Tom is the London-born motorbiker behind independent travel blog Vietnam Coracle. Having visited all of the country’s 58 provinces and five municipalities, he’s amassed a huge database of guides to travelling Vietnam, and he’s still not done. Word got his views on motorbike machismo, sustainable tourism and where to find the best food.
You first visited Vietnam as a teenager in 1999. What do you remember about that trip?
Bicycles! In 1999, this was my first impression of Vietnam, while riding in a taxi from Tan Son Nhat Airport to the city centre. There were thousands of them: not motorbikes, not cars; bicycles.
Where have you lived in Vietnam?
I’ve paid rent in Saigon ever since I arrived, 10 years ago. I’m certainly not nomadic — I’ve always had a solid base; family, friends and a place to call ‘home’ — but I am a restless traveller, always thinking about my next trip.
I was a bit shocked to discover that you drive a Yamaha Nuovo, which I always consider a bike for the city more than rural adventures.
Ah yes, Stavros, my trusty motorbike. 150,000km over eight years, and I’ve rarely had any serious problems. It’s done everything I’ve asked of it; it’s smooth to ride; it rarely breaks down; and it has character, more so the older it gets.
You focus a lot on food in your guides. What have been your favorite food finds on the road?
The best food in Vietnam is nearly always found in the unlikeliest of places. The first time I ate hen, those little tiny clams in lemongrass and chilli, was in a corrugated iron shack, 30km inland from Vinh, not far from Ho Chi Minh’s birth place in Kim Lien.
Often, food tastes better precisely because of the unusual nature of the surroundings. I’m always suspicious of places that have clearly spent a lot of time and money on their decor and interior design: have they paid the same amount of attention to their food?
Tourism in Vietnam is rapidly developing. Which destinations have you seen change the most?
Phu Quoc stands out the most. When I first visited, there was only one paved road on the island. Now there are wide blades of tarmac leading in all directions. The southern end of Long Beach and Dai Beach, in the northwest of the island, were sublime spots, where you really were the only person on a long, golden stretch of sand. They are both subject to huge development projects now.
What do you think Vietnam needs to do to sustainably develop this industry?
I like the initiatives that work with local people to promote tourism. Mai Chau did this well; encouraging the White Thai people, who live in that pretty valley, to open their traditional homes and way of life to foreign tourists in the form of homestays.

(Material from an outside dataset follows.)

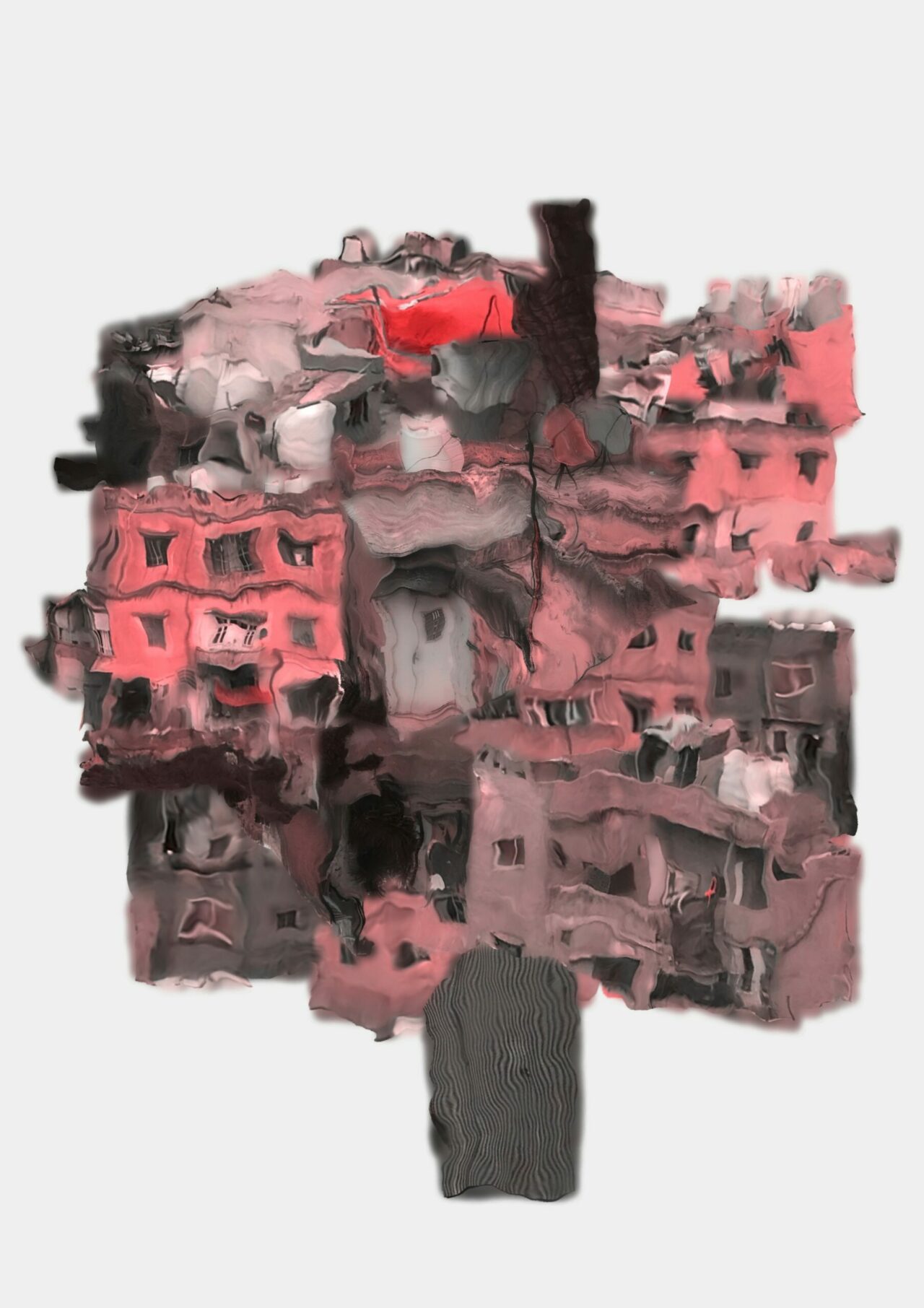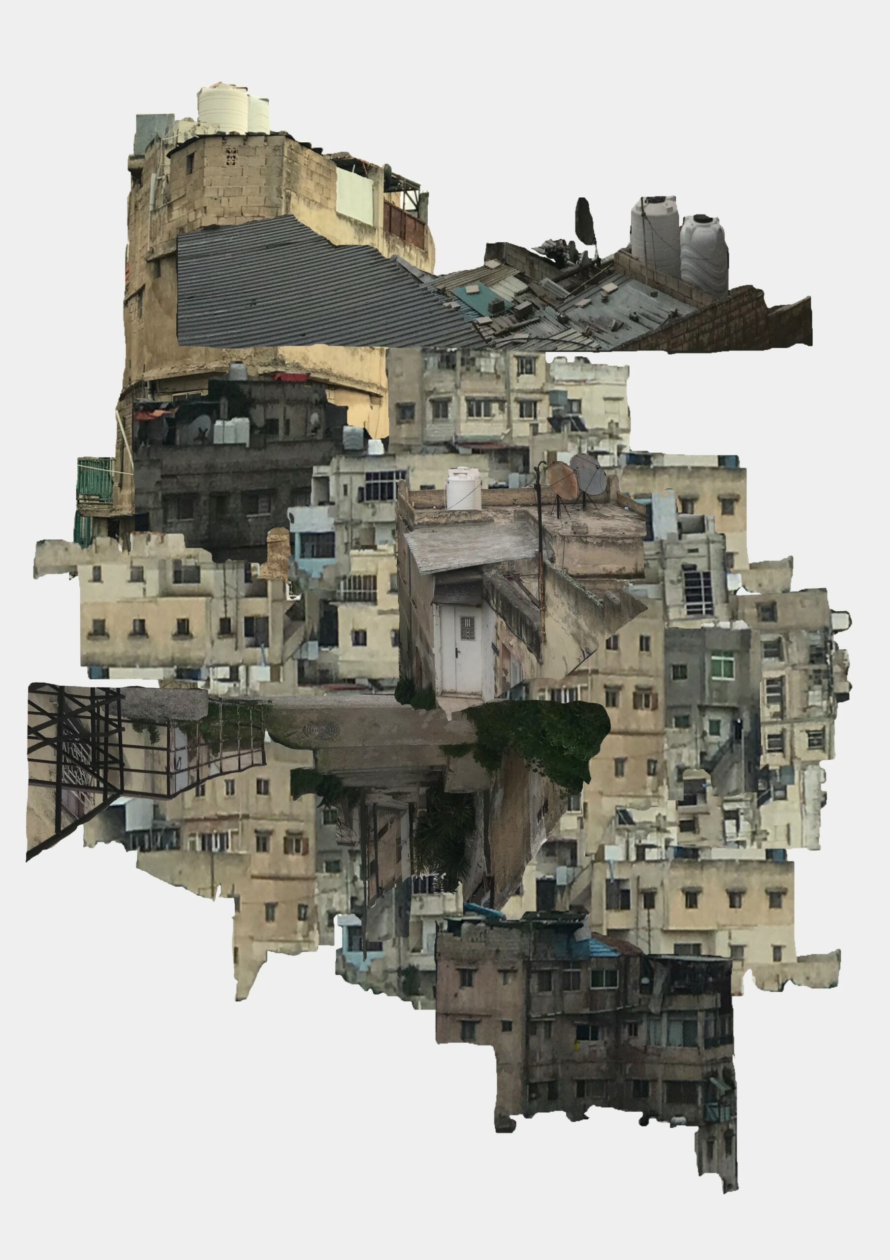 “Dancing Edifices” is a series of digital paintings that emerged in response to my research project Hidden Dimension, in which I am investigating how architecture affects women’s sensitivity to bodily motion experiences in marginalized and refugee areas, particularly in the Palestinian refugee camps in East Amman where I was raised. Through Dancing Edifices, I aim to evoke visually induced motion sickness through re-compositions of the spatial architecture of East Amman’s Palestinian refugee camps. This type of motion sickness can occur when there is visual stimulation in the absence of physical movement. This endeavor reimagines the camp’s architectural challenges, reshaping the physical space’s movement and organization and transcending the confines of mere bodily motion. These images open possibilities for questioning or imagining embodied experiences with the camp’s physical and social structure.

Foreign travellers love this, because it fits their romantic idea of what rural Vietnam should be. But, increasingly, young, urban Vietnamese, pining for the countryside and nostalgic for a way of life that belonged to former generations, also love it.
Of course there are problems with this kind of tourism, too. These projects subsidise a traditional way of life that many rural people want to leave behind. But at least it works with local people, plays to their strengths by focusing on skills they already have, and they are the ones who benefit from it.
What has been the most rewarding thing about keeping your blog?
Now my travels have a purpose. Because of this, I am more engaged with Vietnam: its food, people, culture, history, landscape and language. And, because many of my guides focus of less trodden parts of Vietnam, I like to think that Vietnam’s tourist buck is spread out a little more evenly.
Where are you headed on your next trip?
I just got back from a road trip to the western Mekong Delta, so now I’m in need of some mountains or coast. On some trips, I have a clear idea of where I’m going and what I’m going to write about; other times, I take it as it comes and see where it leads me. I have more ideas than I have time for, and I’m certainly not worried that I’ll run out of things to do and places to see in Vietnam, ever.